In this embodiment, the two color component ratios G / R and B / R are used as axes, and the two-dimensional color component ratio space represented by the following formula 1 is used, and the two axes are x ₁ and x _2. However, as long as the color component ratios are different, any combination can be used, and the color component ratio space can be configured with any number of axes as much as possible. May be.

The color component ratio calculation unit 11 shown in FIG. 1 is a part that converts RGB pixels of a color image into x ₁ and x ₂ values expressed by Equation ₁ . For example, it is preferable in an area (memory color area) of a person's skin, or a memory color (a color that many people memorize as an image instead of matching an actual color) such as green of a plant or blue of the sky. If the target area (object) in the color image has a complex distribution as shown in Fig. 2 in the RGB color space, such as the part where color adjustment is required, x ₁ and x ₂ are used as axes. In the distribution in the color component ratio space, as shown in FIG. 3, there are many cases in which the distribution shape is easy to extract in a certain range.

  For example, (R, G, B) = (100,50,20) and (R, G, B) = (200,100,40) are separated in the color space. Thus, the same point is obtained in the color component ratio space. For this reason, it can be said that, as a characteristic of the target region, when there is a gradation property in the color space, they are gathered at close positions in the color component ratio space.

  The target area extraction unit 12 illustrated in FIG. 1 is a part that extracts pixels of a target area in the color component ratio space. If the distribution shape of pixels in the color component ratio space of the target region is roughly known, a range is set in advance as shown in FIG. A pixel in the area may be used.
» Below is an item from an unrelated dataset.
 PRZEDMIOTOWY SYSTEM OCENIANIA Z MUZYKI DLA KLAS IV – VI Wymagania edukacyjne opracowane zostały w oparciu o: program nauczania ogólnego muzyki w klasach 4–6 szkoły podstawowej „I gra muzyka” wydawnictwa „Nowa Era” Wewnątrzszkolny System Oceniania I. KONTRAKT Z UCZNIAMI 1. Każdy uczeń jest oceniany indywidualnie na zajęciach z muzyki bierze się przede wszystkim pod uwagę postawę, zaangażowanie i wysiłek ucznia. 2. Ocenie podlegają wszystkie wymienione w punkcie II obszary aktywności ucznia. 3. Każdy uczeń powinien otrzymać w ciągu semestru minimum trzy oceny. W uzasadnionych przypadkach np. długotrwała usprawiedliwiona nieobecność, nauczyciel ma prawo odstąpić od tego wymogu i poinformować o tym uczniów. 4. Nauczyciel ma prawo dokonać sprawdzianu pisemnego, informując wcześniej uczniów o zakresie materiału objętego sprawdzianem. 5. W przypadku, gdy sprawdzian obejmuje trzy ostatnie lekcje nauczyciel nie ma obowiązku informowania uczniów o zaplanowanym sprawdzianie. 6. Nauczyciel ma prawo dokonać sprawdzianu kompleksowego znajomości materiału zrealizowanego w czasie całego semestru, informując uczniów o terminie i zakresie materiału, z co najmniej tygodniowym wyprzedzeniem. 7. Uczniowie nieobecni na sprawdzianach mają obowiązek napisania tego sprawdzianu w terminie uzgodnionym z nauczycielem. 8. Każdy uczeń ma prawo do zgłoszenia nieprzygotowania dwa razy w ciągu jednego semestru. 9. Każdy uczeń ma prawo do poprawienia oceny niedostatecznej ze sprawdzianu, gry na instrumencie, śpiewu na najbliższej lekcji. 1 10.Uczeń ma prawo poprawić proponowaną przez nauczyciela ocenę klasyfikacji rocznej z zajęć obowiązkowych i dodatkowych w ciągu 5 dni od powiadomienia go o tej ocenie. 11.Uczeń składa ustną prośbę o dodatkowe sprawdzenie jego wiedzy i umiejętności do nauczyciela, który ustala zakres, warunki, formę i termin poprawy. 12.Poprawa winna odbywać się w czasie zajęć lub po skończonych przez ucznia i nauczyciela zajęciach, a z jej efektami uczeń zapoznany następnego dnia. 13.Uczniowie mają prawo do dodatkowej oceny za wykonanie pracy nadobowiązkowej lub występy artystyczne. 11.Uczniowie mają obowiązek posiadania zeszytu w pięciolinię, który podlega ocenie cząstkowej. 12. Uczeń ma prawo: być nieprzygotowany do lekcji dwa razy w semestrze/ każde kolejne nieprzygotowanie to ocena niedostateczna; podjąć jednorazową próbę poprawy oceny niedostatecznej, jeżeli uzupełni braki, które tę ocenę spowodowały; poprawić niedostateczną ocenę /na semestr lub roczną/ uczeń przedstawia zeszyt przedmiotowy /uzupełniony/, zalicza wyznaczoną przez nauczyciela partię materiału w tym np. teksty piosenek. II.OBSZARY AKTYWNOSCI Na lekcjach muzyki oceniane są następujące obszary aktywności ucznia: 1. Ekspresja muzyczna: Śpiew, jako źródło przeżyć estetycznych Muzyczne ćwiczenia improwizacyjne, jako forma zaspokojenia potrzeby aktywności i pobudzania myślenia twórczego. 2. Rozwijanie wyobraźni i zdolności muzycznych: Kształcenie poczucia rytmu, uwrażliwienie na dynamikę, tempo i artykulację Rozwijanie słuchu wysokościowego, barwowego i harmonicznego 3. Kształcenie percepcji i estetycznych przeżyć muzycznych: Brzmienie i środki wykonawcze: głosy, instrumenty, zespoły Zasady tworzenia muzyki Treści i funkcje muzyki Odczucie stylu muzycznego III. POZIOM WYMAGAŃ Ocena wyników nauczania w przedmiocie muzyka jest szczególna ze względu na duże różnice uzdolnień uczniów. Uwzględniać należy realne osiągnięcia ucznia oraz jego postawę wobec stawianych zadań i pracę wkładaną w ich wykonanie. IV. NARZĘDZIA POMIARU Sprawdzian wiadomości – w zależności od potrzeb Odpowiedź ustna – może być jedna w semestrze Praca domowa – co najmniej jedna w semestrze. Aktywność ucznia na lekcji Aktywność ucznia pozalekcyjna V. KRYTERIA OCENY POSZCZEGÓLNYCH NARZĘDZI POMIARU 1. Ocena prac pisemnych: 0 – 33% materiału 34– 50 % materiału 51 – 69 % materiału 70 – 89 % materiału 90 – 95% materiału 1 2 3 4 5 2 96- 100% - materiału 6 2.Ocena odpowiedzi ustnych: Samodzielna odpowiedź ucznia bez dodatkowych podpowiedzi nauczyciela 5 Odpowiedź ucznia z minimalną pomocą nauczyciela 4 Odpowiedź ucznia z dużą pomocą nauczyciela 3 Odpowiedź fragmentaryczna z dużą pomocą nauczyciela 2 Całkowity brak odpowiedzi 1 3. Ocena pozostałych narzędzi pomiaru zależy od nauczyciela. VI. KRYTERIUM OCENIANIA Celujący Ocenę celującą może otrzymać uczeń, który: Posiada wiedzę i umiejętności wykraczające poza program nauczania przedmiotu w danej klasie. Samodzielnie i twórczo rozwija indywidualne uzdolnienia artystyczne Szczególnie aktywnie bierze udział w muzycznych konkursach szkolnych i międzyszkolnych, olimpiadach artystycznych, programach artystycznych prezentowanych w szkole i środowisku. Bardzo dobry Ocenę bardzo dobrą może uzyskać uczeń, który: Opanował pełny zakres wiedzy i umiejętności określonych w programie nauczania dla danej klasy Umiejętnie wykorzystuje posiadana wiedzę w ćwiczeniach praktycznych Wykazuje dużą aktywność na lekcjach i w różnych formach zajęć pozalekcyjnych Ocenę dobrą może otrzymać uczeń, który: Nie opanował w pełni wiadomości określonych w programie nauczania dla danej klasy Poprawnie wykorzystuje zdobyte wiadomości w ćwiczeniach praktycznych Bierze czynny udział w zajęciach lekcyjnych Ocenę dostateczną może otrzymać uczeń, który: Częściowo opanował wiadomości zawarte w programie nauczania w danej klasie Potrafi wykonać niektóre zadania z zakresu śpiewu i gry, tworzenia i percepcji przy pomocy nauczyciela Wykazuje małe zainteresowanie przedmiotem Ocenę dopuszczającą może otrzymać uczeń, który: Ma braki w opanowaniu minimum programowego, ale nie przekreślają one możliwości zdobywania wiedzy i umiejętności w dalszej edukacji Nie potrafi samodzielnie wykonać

  As shown in FIG. 5, the range of extracting pixels in the target region may be statistically determined by extracting pixels in the target region from a plurality of sample images in advance. As described above, by converting the color component space representing the color of the pixel of the color image into the color component ratio space, pixels in a specific region can be extracted easily and accurately.
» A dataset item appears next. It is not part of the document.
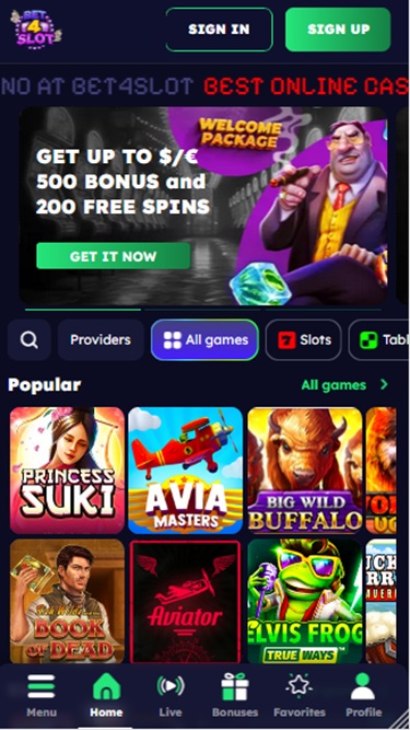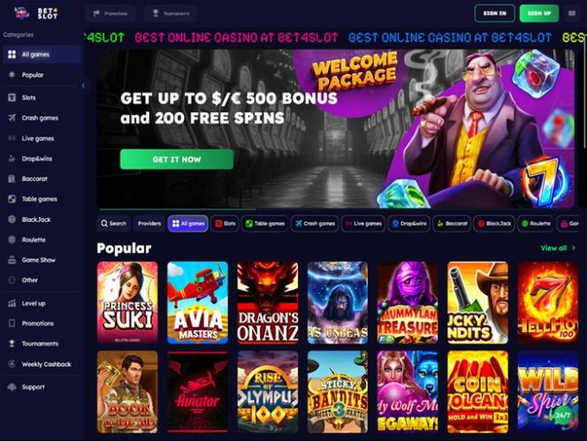 Bet4Slot 是一個線上賭場遊戲網站,致力於吸引加拿大玩家,為他們提供豐富的博彩遊戲選擇,包括真錢老虎機、真人荷官、桌上遊戲和速成遊戲。憑藉強大的推廣計劃和加密貨幣支持,難怪如此多的加拿大玩家選擇這個品牌。
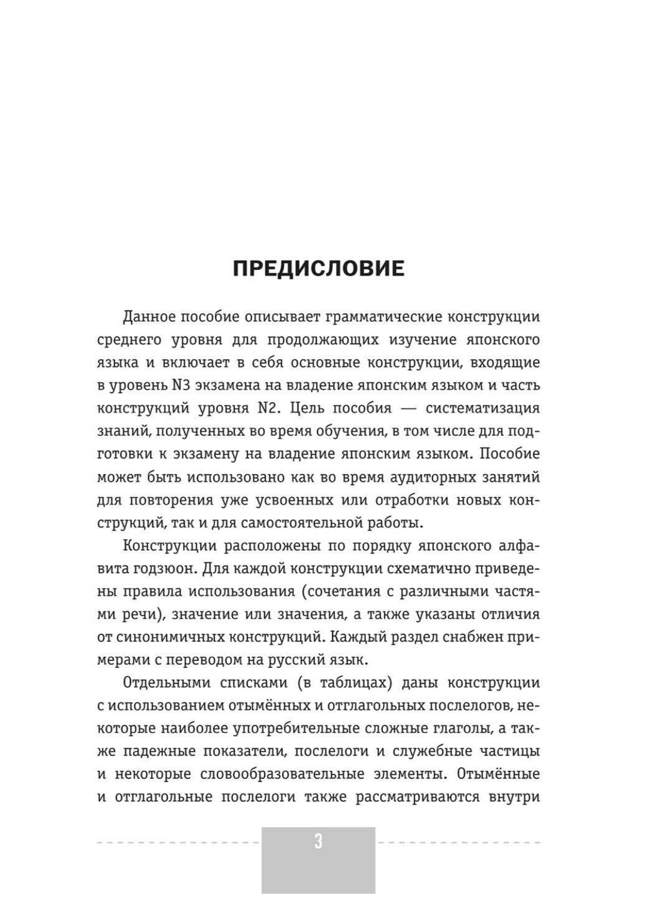Данное учебное пособие содержит грамматические конструкции среднего уровня для продолжающих изучение японского языка и включает в себя основной грамматический материал, входящий в уровень NЗ экзамена на владение японским языком и часть конструкций уровня N2. Цель пособия - систематизация знаний, полученных во время обучения, в том числе для подготовки к экзамену на владение японским языком.

  FIG. 6 is a block diagram illustrating a second embodiment according to the present invention. The second embodiment is an example in which the pixels considered to be the target region are weighted with respect to the pixels of the color image. The basic processing configuration is the same as that of the first embodiment. In the second embodiment, the target area degree calculation unit 21 in FIG. 6 is an object that represents the degree of the target area. A regional image is generated.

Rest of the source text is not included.